England plays down Commonwealth Games pullout fears

S Kalyana Ramanathan / London December 31, 2009

Amidst fear that England may pull out of the Commonwealth Games 2010, to be held in Delhi, the British Foreign Office and the Commonwealth Games England have issued a strong statement stressing that the country is likely to send its team to India in October 2010.

The Daily Telegraph, in a front page report today, said that due to security concerns England might pull out of the Games, scheduled to take place from October 3-14. The report suggested that the overriding fear was that terror groups from Pakistan might target the athletes participating in the game. Ann Hogbin, chief executive of Commonwealth Games England, said: “That is definitely not the case. Our current and strong intention is to field a team for the Games in Delhi next year. Of course, we have a duty of care to the athletes and other team members which we take very seriously. Despite having been given extensive briefings from relevant authorities, we have not received any indication that we should not participate in the Games and we will continue to work hard to put in place the best possible arrangements for our team.”

Suresh Kalmadi, chairman of the Organising Committee, Commonwealth Games 2010 Delhi, strongly denied the report and said: “We have not received any official intimation to this effect, and in fact the British Foreign Office as also the statement from the Foreign and Commonwealth Office (FCO) has emphasised that it has not advised any of its teams not to compete in next year’s Commonwealth Games on security grounds.”“The security commanders’ meeting was held at the home ministry recently and all Commonwealth Games Associations were satisfied with the security arrangements outlined for the Games,” he added.

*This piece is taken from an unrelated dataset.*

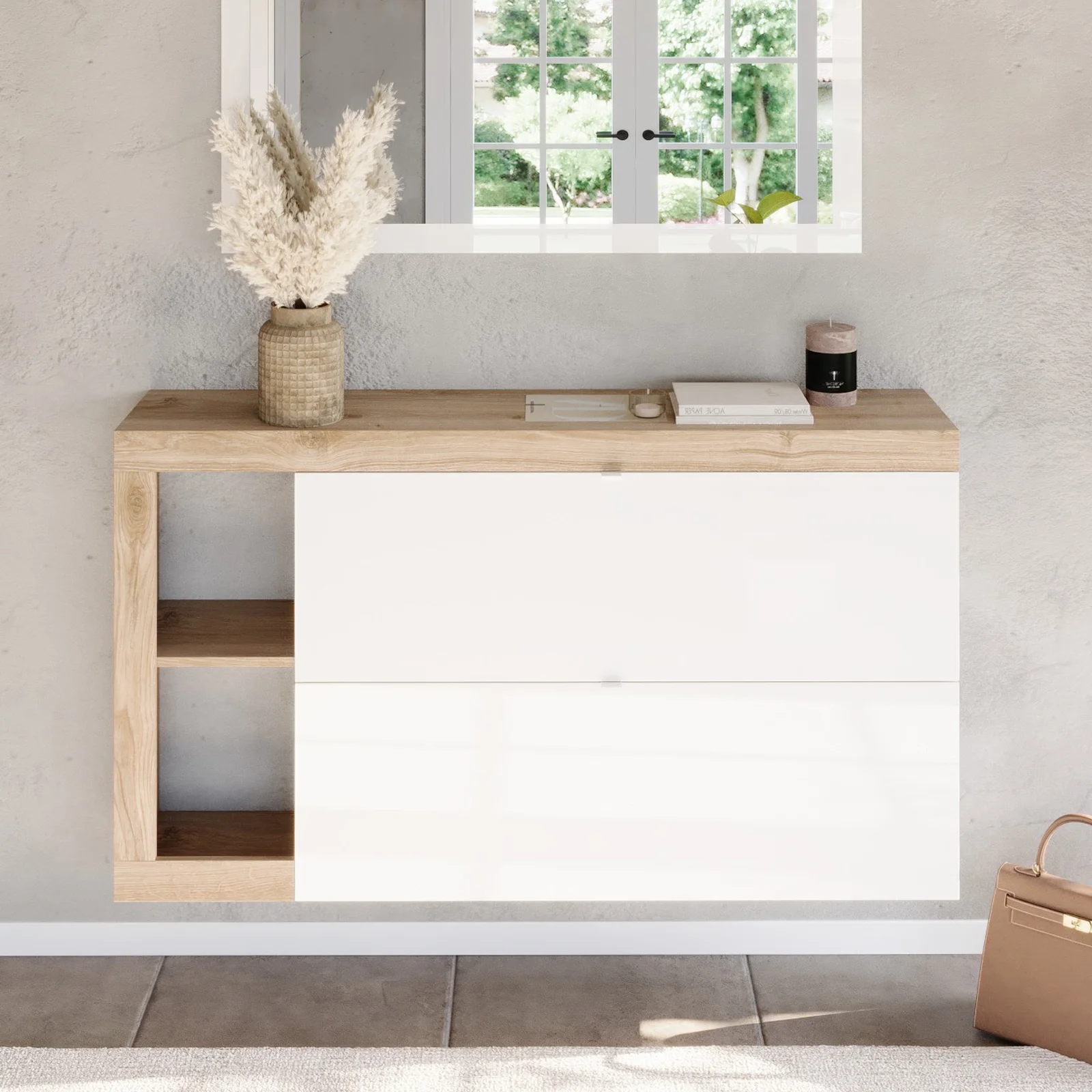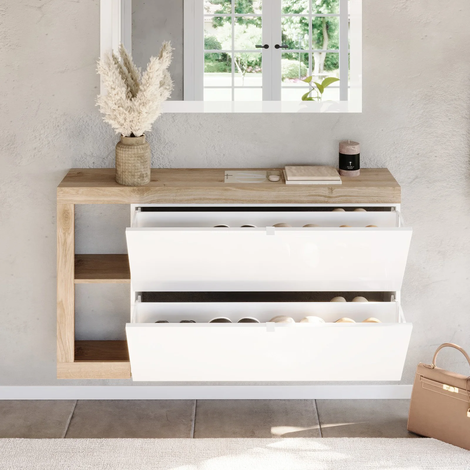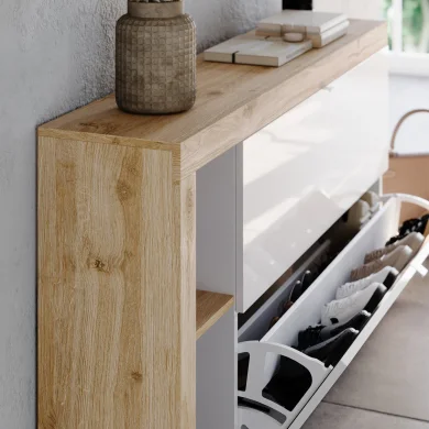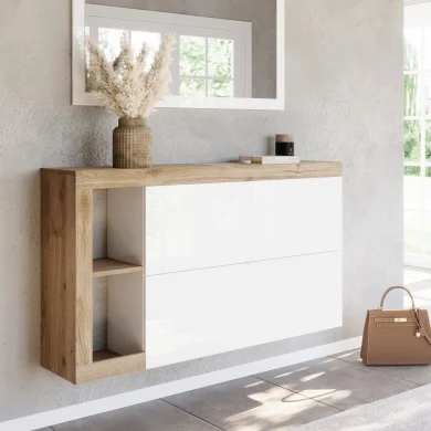 Scopri la scarpiera sospesa con ante a ribalta e porta nella tua casa eleganza e organizzazione in un solo gesto.
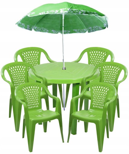 stolik + 6 krzeseł + PARASOL

Both Mike Fennell, president, Commonwealth Games Federation, and the Coordination Committee of the Commonwealth Games Federation earlier this month had lauded the preparations of Delhi Police in ensuring the secure conduct of the Games.

The Daily Telegraph today said that Metropolitan Police Commissioner Paul Stephenson, after visiting Delhi earlier this month, had voiced serious concerns about the security arrangements. However, there were no direct statements attributed to Stephenson in the report.